# How do you explain ?



## dclarke (Dec 22, 2012)

How do you explain to people their poo is so solid that they need a better flushing toilet or some stool softener ?


----------



## gear junkie (Jun 20, 2008)

maybe this would be a good question for a doctor?


----------



## dclarke (Dec 22, 2012)

gear junkie said:


> maybe this would be a good question for a doctor?


The doctor isn't the one having to augur the toilet. Lol


----------



## SewerRat (Feb 26, 2011)

Just tell them you know an additive that helps a lot and hand them a bottle of Metamucil. Tell them to use as directed.


----------



## Phat Cat (Apr 1, 2009)

IMO, it's easier for the older plumbers to discuss the issue, as well as the issue of men having bad aim as they age.

Richard (I believe) wrote a great response to this issue and it was handled with tact. Hopefully he will chime in later. He has a great way with words. :yes:


----------



## gear junkie (Jun 20, 2008)

dude you need to make my super plunger. Haven't augered poop yet because of it. Also a good lead in for a new toilet.


----------



## UN1TED-WE-PLUMB (Oct 3, 2012)

It's easy..

Just tell them they need a better flushing toilet that will meet their needs.


----------



## dclarke (Dec 22, 2012)

I normally do try selling the new toilet. I still recommend the Toto drake and if they appear to be having trouble getting around I'll recommend an ADA


----------



## Richard Hilliard (Apr 10, 2010)

Here is a great way of presenting the big old crusty ball that will not flush.

Have you ever been on meds where your diet has changed the way you use the water closet?

Start off with that and explain how diet and meds affect the waste that goes through the toilet. If you were a partier in your younger days or now you have experienced the difference.

Explain the difference in trap size and call it the throat of the toilet. Use your ear as an a example of how the toilet operates. Start at the middle of the ear and follow it to the base of the ear. The smaller throat will not allow the waste to go through it.


----------



## aprilmayb (Feb 11, 2013)

dclarke said:


> How do you explain to people their poo is so solid that they need a better flushing toilet or some stool softener ?


This topic should have come with a warning label. I nearly just spit my coffee all over the keyboard laughing so hard. :laughing:


----------



## plumberinlaw (Jan 13, 2010)

I just tell them to quit feeding government cheese to their kids


----------



## dclarke (Dec 22, 2012)

aprilmayb said:


> This topic should have come with a warning label. I nearly just spit my coffee all over the keyboard laughing so hard. :laughing:


My apologies.


----------



## Richard Hilliard (Apr 10, 2010)

Dclarke

People love stories. Talk to your team members and see if anyone has been through surgeries and meds. Also observe when you walk in a person’s home for meds on the table counter, and bathroom. This will give you the information you need.

The first thing to know and understand we are professionals. I have had numerous surgeries and I have informed our guys to sue me as the story or example. We know which toilets have a history of having a poor flush. Old Gerber’s, Briggs, Elger Emblems have trouble with loose waste and must be flushed twice. UR, Sterling, A/s have a hard time evacuating waste period as the water does not totally dump from the bowl.

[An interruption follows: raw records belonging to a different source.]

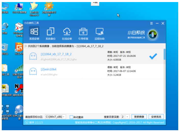 7、开始自动弹出PE装机工具,选择U盘里的系统镜像,“目标分区”选择系统盘,一般为C盘,鼠标点击“安装系统即可。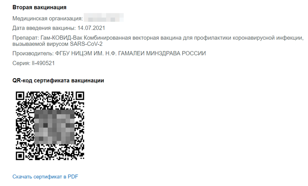 - Ждем, пока необходимая информация загрузится и отобразится на экране. Вы увидите, когда была введена последняя часть вакцины, сможете ознакомиться с данными о выбранном препарате и квадратным QR-кодом. Чтобы сохранить электронный документ, нажимаем на кнопку «Скачать сертификат в PDF».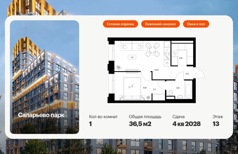 Продаётся 1-комн.квартира площадью 36.50 кв.м на 13 этаже 24 этажного дома (Корпус 82.8, секция 8) проекта ПИК Саларьево парк. Светлый просторный подъезд на уровне земли, функциональная планировка, большие окна, с отделкой. Жилой район «Саларьево парк» расположен в Новой Москве, в четырёх километрах от МКАД по Киевскому шоссе. Две станции метро: «Саларьево» и «Филатов луг», — находятся в пешей доступности от проекта. Дойти до них можно за 5–10 минут. В квартале уже создана качественная среда, где есть абсолютно всё для полноценной жизни, работы и отдыха. «Саларьево парк» — не просто квартал, а полноценный жилой район, который отличается разноплановой архитектурой. Над концепцией квартала работали несколько ведущих архитектурных бюро, которые стремились добиться разнообразия в фасадных решениях. Ярким примером такого подхода станут корпуса 82 и 83, которые относятся к «Серии плюс». Новый корпус 83 был создан по принципам южной архитектуры: расслабленный и лаконичный силуэт зданий, привлекающий к себе внимание. Архитектурная изюминка 83-го корпуса — террасы и фигурные балконы. Вместе с окнами и другими акцентными элементами они создают уникальный облик здания, отсылая нас к изысканной южной архитектуре. Все корпуса в квартале гармонично сочетаются, образуя единую городскую среду. Здесь приятно гулять и проводить время на улице всей семьёй. В «Саларьево парке» создана уникальная образовательная среда, включающая в себя шесть школ, рассчитанных на 6 250 учеников. Четыре из них уже открыты, их посещает 2 300 детей. Также на территории «Саларьево парка» находится 12 детских садов, один из которых с бассейном. Сейчас уже открыты 8 садов. В «Саларьево парке» открыта уникальная игровая площадка — PlayHub «Оригами». Здесь есть ручей, горка-труба и рельефные холмы. Взрослые смогут отдохнуть в уютном кафе, пока дети играют. Также на территории проекта есть SportHub — большая спортивная зона, разделённая по интересам и возрастам. Здесь можно заниматься разными видами спорта: футболом, баскетболом, волейболом и стритболом. Зимой центральную часть площадки превращают в каток. Во дворах-парках жилого квартала есть места для отдыха, детские и спортивные площадки. На первых этажах домов расположены магазины, кафе и полезные сервисы. Также вблизи проекта есть несколько масштабных торговых центров. До ТЦ «Саларис» пять минут пешком, до «Рио», Metro Cash & Carry и «Леруа Мерлен» — пять минут на автомобиле. Артикул - 1033236О застройщике

Add to this the diet concerns Houston there is a problem. People know form your passion and confidence that you are spot on. hen the customer realizes that you have experienced the same thing embarrassment is not longer a concern. Resolving the problem takes over.


----------



## dplumb (Jan 6, 2013)

I tell them to chew their food better!


----------



## DesertOkie (Jul 15, 2011)

I go with the:

"Have you ever heard the expression tough sh!t?"


----------



## Bigcim (Feb 22, 2013)

Put one of their turds on a block of wood in front of them and see how easy you can cut through it with a samurai sword


----------



## smythers1968 (Feb 4, 2009)

More peas and carrots please


----------



## johntheplumber (Feb 11, 2013)

How do you tell them not to throw condoms down the toilet. Now that's awkward. Especially if they aren't theirs!


----------



## dclarke (Dec 22, 2012)

johntheplumber said:


> How do you tell them not to throw condoms down the toilet. Now that's awkward. Especially if they aren't theirs!


I opened a septic once and it looked like a school of jellyfish. Lol.


----------



## smythers1968 (Feb 4, 2009)

johntheplumber said:


> How do you tell them not to throw condoms down the toilet. Now that's awkward. Especially if they aren't theirs!


I replaced an ejector pump once and the single mother was standing there when I pulled the lid. About 15 floating condoms, she said what are those? Condoms I said. 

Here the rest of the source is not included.